Дети Софии, старший из которых Франц Иосиф был следующим претендентом на трон, подрастали в мире «Бидермайер», в тридцатые и сороковые годы прошлого столетия, в атмосфере радостной беззаботности. Его отец, Франц Карл, не оказывал большого влияния ни на ведение домашнего хозяйства, ни на управление государством. Он добродушно примирился со своей ролью и находил большое удовольствие в том, чтобы с маленьким Францем на спине скакать галопом на четвереньках по детской комнате, кормить вместе с ним косулей в парке Пратер или помогать ему приманивать голубей на подоконник их квартиры в Хофбурге. Вечером Франц играл со своими братьями в «шнип-шнап-шнур» и в «черного Петера» или они сидели у ног матери, которая читала им из «Путешествий Гулливера» и «Швейцарские Робинзоны».
Весь клан Габсбургов собирался в дни рождений и на именины в императорском дворце Хофбург на семейные праздники и для обмена подарками. Младшие члены семьи демонстрировали свое умение в тщательно заученных балетах, театральных постановках и в декламации. Младший брат Максимилиан, следующий по возрасту после Франца Иосифа, был, чаще всего, звездой этих постановок, благодаря своему таланту подражания, приятному голосу и обаянию.
В рождественский сочельник вся семья собиралась перед закрытыми дверьми императорских покоев, при этом младшие дети пытались увидеть через замочную скважину младенца Христа. Как только начинали звонить рождественские колокола, двери в Красный салон отворялись и виднелось огромное дерево, сверкающее в сиянии огней. Вокруг громоздились действительно царские подарки: однажды это была детская карета, достаточно большая, чтобы запрячь пони; в другой раз – дворцовая охрана в миниатюре с будками для постовых, барабанами и игрушечными пушками. Франц Иосиф целый вечер занимался строевой подготовкой со своими дядями – эрцгерцогами.
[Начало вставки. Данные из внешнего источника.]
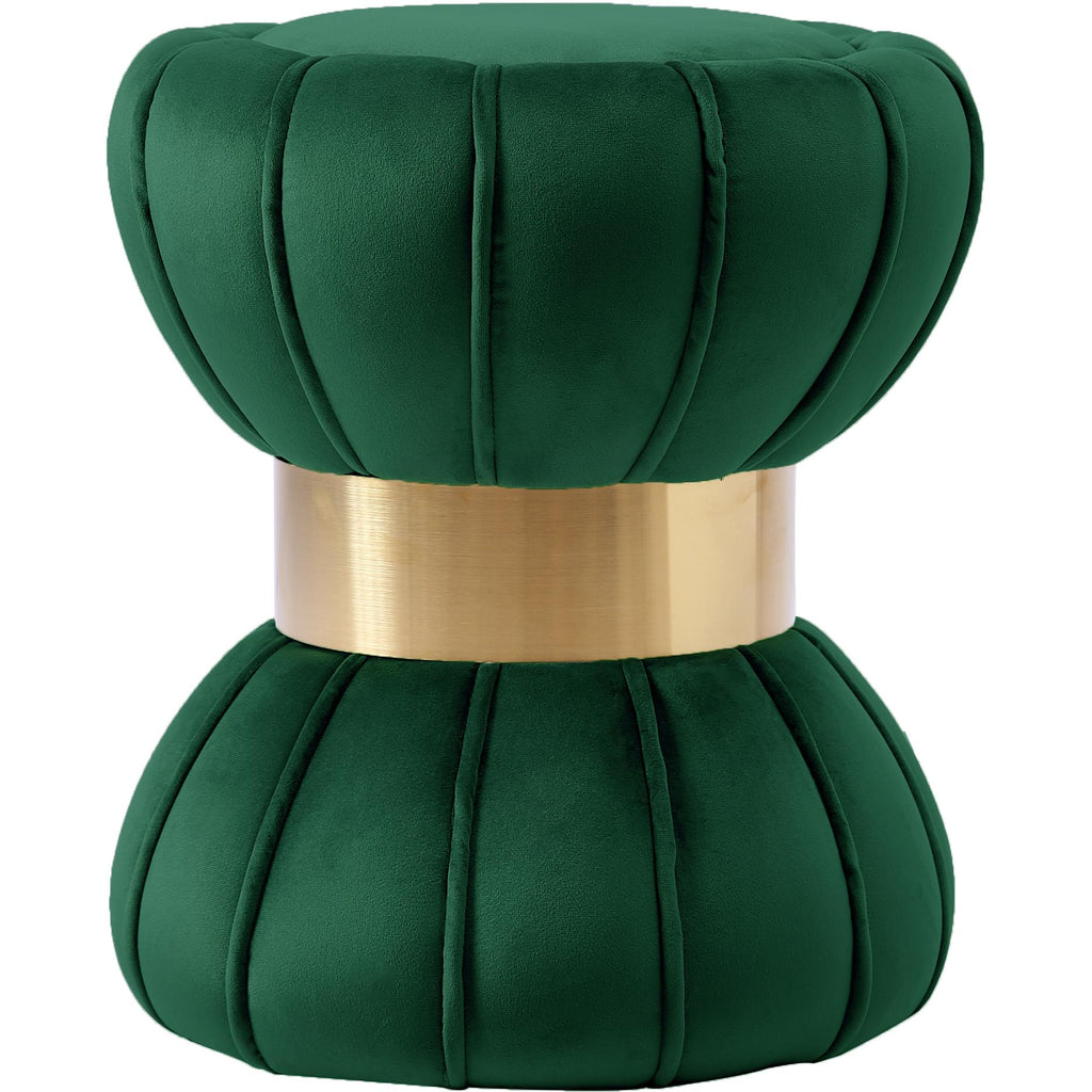 Add modern sophistication to your living space with this chic green velvet Vino ottoman stool. Plush green velvet curves are bound by a gold stainless steel band in its center, creating an hourglass shape that is edgy and complements your contemporary home decor. Place this lush ottoman stool next to your vanity in your bedroom, so you'll have a comfy place to sit while you do your hair and put on your makeup.

После Рождества, на масленицу во время карнавала, устраивали детские балы с веселыми вальсами и польками и со столами, наполненными сладостями. К концу праздника взрослые тоже начинали танцевать. Даже немного замкнутого, важного дядю Людвига тащили на танцевальный паркет, хотя он и без того, должно быть, намеревался танцевать, как заметила эрцгерцогиня София, потому что в кармане пиджака он принес свежую пару масляно-желтых перчаток.
После Пасхи, в теплое время года, дети проводили длинные солнечные дни в саду Шенбрунн, их катали вокруг в экипаже с запряженным в него осликом, они плескались в купальне, играли в индейском вигваме, который соорудил для них один из садовников, или наблюдали за экзотическими зверями, которых купил у цирка их дядя, император Фердинанд.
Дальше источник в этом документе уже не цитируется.